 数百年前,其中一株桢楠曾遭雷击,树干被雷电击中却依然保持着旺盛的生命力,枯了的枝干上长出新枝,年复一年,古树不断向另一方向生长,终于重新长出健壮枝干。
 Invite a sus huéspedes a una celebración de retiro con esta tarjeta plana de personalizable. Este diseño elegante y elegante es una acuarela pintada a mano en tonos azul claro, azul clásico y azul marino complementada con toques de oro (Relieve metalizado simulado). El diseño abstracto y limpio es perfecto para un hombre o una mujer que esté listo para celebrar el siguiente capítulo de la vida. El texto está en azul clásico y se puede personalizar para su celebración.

---

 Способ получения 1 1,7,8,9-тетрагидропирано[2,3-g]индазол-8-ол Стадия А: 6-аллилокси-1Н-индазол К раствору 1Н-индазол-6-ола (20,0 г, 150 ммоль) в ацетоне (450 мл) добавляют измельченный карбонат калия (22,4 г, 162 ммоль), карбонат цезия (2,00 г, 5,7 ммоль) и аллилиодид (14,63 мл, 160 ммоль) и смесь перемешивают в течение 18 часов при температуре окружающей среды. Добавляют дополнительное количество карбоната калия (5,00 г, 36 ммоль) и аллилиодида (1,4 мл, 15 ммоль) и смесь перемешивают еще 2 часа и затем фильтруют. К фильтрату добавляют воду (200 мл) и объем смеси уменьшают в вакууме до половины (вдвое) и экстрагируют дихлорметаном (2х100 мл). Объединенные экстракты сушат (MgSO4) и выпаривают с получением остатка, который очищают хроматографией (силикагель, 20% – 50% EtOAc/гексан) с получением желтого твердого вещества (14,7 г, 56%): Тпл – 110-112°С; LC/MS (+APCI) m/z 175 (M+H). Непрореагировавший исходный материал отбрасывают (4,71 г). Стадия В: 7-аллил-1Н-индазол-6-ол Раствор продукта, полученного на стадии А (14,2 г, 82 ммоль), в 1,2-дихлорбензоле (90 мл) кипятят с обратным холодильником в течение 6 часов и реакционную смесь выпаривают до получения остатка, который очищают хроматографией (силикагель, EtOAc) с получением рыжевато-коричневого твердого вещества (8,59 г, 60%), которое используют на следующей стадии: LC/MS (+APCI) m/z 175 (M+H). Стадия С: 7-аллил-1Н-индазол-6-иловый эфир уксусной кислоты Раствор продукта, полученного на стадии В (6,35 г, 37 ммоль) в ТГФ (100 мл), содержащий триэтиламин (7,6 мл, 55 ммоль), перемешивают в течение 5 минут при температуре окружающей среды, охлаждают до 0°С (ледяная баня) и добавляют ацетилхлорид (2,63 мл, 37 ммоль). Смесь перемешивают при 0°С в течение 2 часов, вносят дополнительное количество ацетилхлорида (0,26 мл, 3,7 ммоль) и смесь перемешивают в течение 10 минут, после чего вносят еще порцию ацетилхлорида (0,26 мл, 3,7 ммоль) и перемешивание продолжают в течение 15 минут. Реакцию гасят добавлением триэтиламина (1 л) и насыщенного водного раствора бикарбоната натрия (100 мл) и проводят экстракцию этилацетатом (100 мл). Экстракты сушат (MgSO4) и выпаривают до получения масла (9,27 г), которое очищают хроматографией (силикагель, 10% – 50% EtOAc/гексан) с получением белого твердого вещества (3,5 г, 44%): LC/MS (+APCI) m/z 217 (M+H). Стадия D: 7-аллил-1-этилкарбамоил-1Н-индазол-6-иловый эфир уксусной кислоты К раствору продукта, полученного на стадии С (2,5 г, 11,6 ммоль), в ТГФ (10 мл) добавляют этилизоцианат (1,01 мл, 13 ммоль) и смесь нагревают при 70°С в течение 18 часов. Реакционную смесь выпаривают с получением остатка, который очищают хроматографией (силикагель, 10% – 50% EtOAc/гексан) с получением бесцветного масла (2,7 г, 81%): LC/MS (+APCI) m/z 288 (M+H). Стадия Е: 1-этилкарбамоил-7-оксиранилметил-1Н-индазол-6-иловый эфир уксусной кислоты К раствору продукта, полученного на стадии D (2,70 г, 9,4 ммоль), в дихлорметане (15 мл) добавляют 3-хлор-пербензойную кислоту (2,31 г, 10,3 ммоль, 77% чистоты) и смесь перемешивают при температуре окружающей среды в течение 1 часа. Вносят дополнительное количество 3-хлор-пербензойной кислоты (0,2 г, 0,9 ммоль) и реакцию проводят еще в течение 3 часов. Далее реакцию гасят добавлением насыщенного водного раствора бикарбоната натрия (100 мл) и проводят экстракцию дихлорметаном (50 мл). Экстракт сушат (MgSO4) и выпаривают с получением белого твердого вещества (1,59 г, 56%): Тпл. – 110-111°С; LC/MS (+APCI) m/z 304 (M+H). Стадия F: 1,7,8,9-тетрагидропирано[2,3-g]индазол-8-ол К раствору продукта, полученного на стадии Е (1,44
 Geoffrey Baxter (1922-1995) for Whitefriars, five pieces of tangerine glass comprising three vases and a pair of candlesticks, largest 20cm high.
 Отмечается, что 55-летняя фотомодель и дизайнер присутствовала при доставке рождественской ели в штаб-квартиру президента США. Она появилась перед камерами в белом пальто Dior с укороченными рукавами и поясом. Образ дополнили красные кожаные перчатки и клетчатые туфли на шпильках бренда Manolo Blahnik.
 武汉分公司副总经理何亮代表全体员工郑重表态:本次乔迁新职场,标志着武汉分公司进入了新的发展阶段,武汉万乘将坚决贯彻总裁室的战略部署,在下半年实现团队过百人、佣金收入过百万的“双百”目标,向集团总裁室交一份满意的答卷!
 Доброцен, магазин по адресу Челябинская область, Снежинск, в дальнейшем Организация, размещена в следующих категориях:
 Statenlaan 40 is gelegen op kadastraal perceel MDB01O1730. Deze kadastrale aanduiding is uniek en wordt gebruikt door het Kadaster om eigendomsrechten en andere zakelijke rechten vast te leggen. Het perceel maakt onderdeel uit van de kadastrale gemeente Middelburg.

* * *

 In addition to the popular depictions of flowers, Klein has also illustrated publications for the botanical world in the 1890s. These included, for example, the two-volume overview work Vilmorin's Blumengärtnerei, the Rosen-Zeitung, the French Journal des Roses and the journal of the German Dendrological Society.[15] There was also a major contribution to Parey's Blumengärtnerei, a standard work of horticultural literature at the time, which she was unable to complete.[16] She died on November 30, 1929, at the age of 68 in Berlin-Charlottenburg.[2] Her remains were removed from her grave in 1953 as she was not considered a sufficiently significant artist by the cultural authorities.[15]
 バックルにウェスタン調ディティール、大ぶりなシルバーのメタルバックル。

**About this task**. Retype, in the same exact form, the lines of the material above from the line holding "Отмечается, что 55-летняя" through the line holding "Statenlaan 40 is".

**Response area**.
 Отмечается, что 55-летняя фотомодель и дизайнер присутствовала при доставке рождественской ели в штаб-квартиру президента США. Она появилась перед камерами в белом пальто Dior с укороченными рукавами и поясом. Образ дополнили красные кожаные перчатки и клетчатые туфли на шпильках бренда Manolo Blahnik.
 武汉分公司副总经理何亮代表全体员工郑重表态:本次乔迁新职场,标志着武汉分公司进入了新的发展阶段,武汉万乘将坚决贯彻总裁室的战略部署,在下半年实现团队过百人、佣金收入过百万的“双百”目标,向集团总裁室交一份满意的答卷!
 Доброцен, магазин по адресу Челябинская область, Снежинск, в дальнейшем Организация, размещена в следующих категориях:
 Statenlaan 40 is gelegen op kadastraal perceel MDB01O1730. Deze kadastrale aanduiding is uniek en wordt gebruikt door het Kadaster om eigendomsrechten en andere zakelijke rechten vast te leggen. Het perceel maakt onderdeel uit van de kadastrale gemeente Middelburg.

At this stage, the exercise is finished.